Kradł, włamywał się, niszczył. Trafił na 3 miesiące do aresztu
34-letni mieszkaniec gm. Kozłowo najbliższe trzy miesiące spędzi w Areszcie Śledczym. Trafił tam wczoraj po serii dokonanych włamań, kradzieży i zniszczeń. Mężczyźnie przedstawiono łącznie 5 zarzutów za które grozi mu do 10 lat pozbawienia wolności.
Do pierwszego włamania do domku letniskowego położonego na terenie gminy Kozłowo doszło w styczniu 2015 roku. Michał K. ukradł wtedy różnego rodzaju narzędzia, pompę elektryczną, słupki ogrodzeniowe na łączną kwotę prawie 4.500 zł. Czerwiec zapoczątkował włamaniem do baru leśnego również na tym samym terenie. Sprawcę spłoszył alarm, więc tylko zdążył zabrać ze sobą 90 batonów i kilka piw.
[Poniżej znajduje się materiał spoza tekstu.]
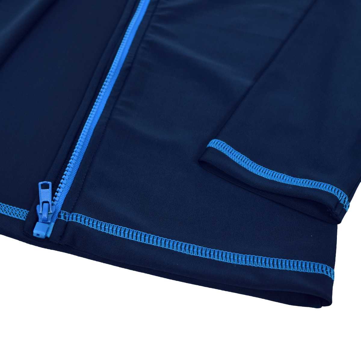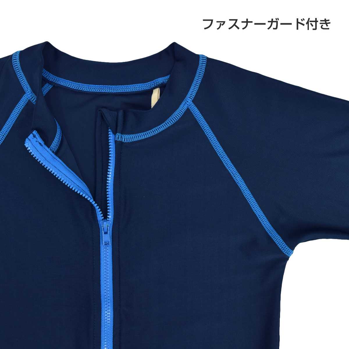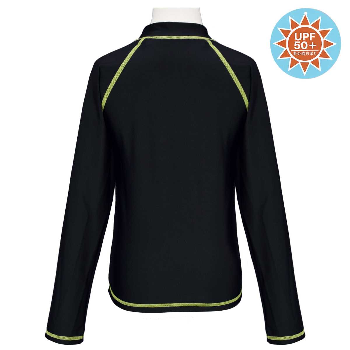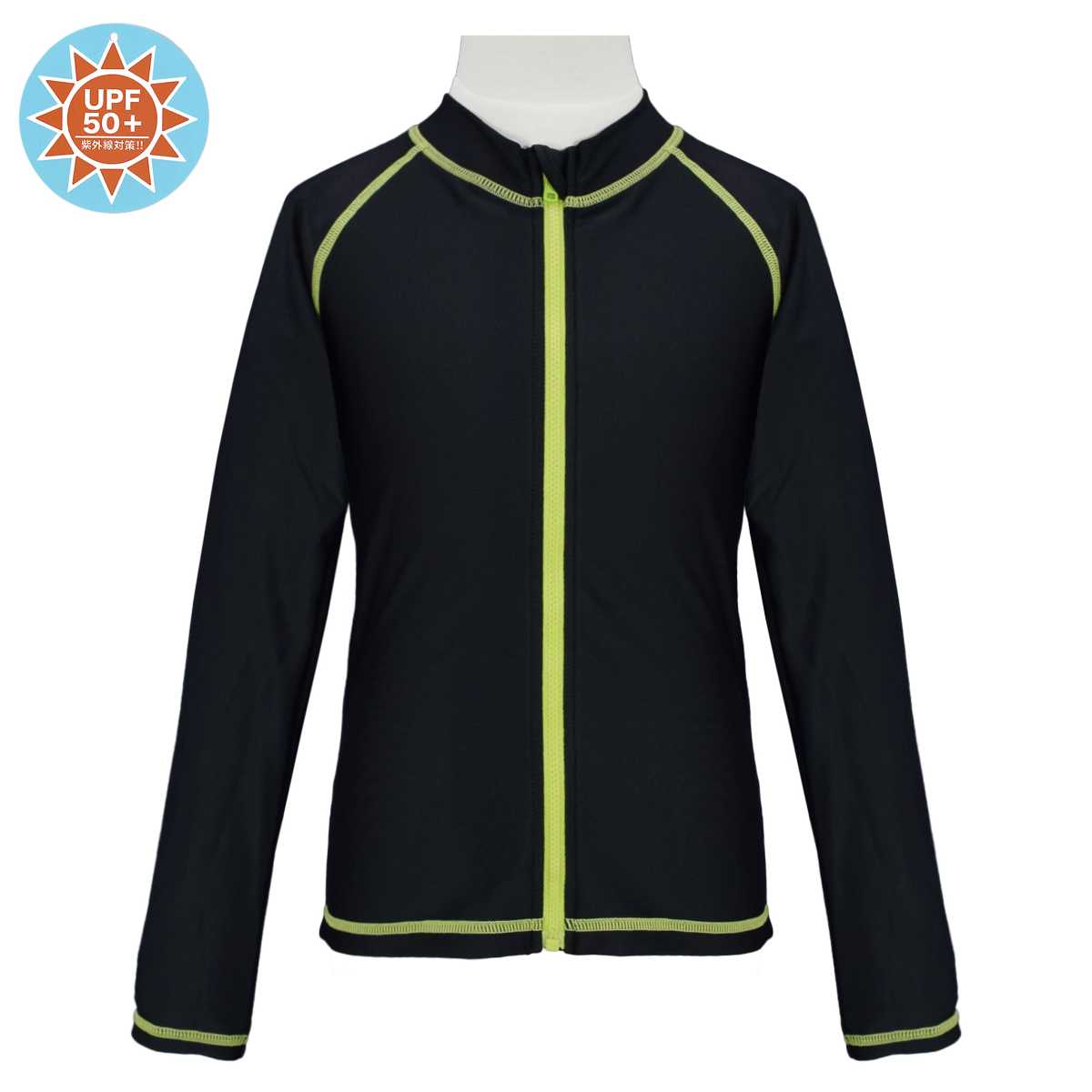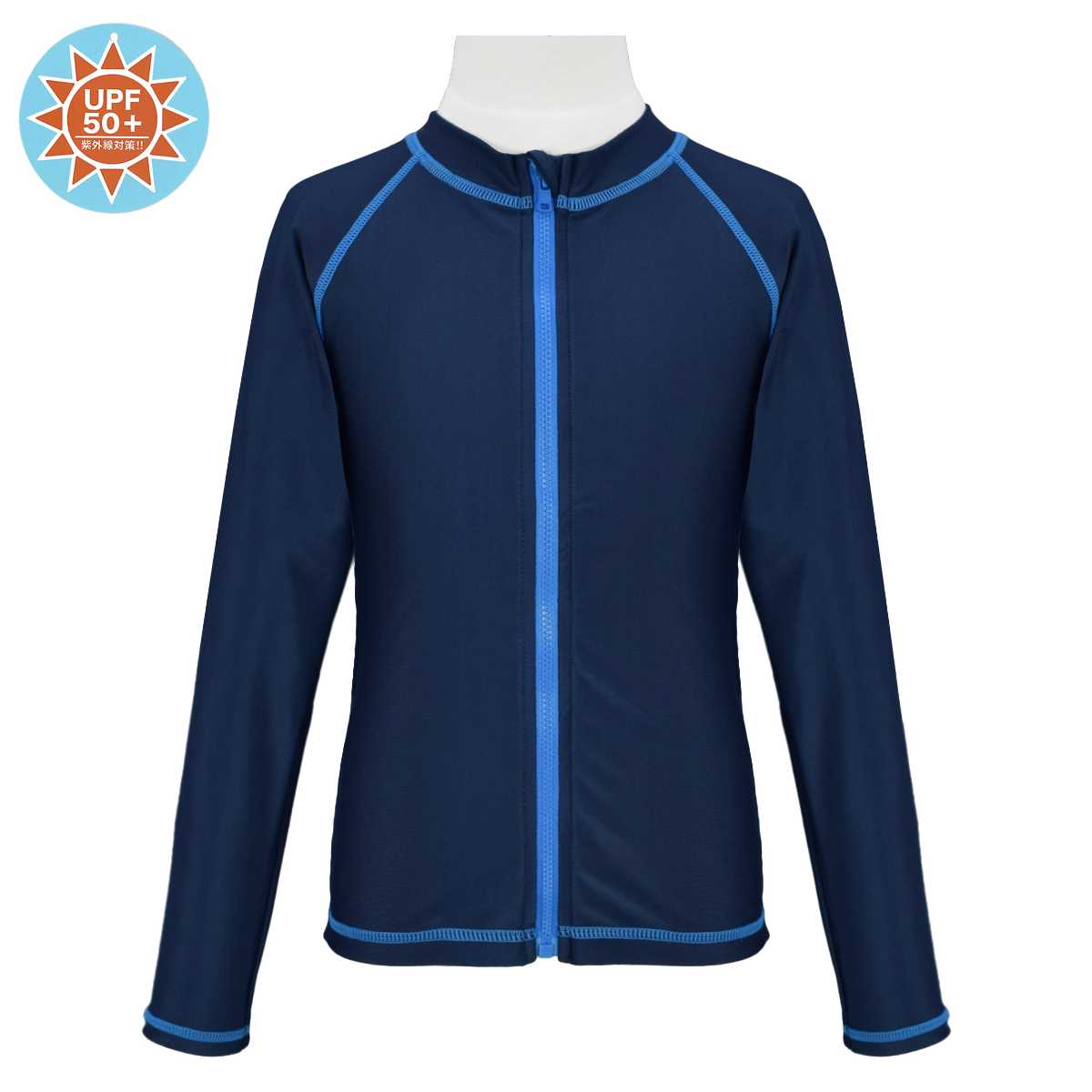 ☆ 商 品 説 明 ☆ UPF50+ UVカット加工 ジップアップ ステッチライン 長袖ラッシュガード です。 ステッチラインが入ったシンプルで合わせやすいス イムウェア 。ファスナー タイプなので着脱らくらく。UPF50+で紫外線対策にぴったり。ファスナーガード付き。裏側にお名前タグ付き。

Po kilku dniach postanowił przejechać się ciągnikiem rolniczym. W nocy wszedł na teren gospodarstwa rolnego, wsiadł do pojazdu i odjechał. Gdy znudziło mu się, pojazd porzucił w lesie. Niespełna po 5 dniach postanowił zniszczyć altanę ogrodową położoną również na terenie gm. Kozłowo. Przyszedł w nocy i podłożył ogień. Altanka spłonęła doszczętnie razem z ze znajdującymi się w niej narzędziami i rowerem. Na drugi dzień po kłótni z kolegami wybił 18 szyb w budynku mieszkalnym na tym samym terenie. Mężczyzna usłyszał 2 zarzuty kradzieży z włamaniem, dwa zarzuty zniszczenia oraz jednej kradzieży. Sąd przychylił się do wniosku prokuratury i Policji i zastosował wobec niego 3 miesięczny areszt. Mężczyźnie za popełnione przestępstwa grozi do 10 lat pozbawienia wolności.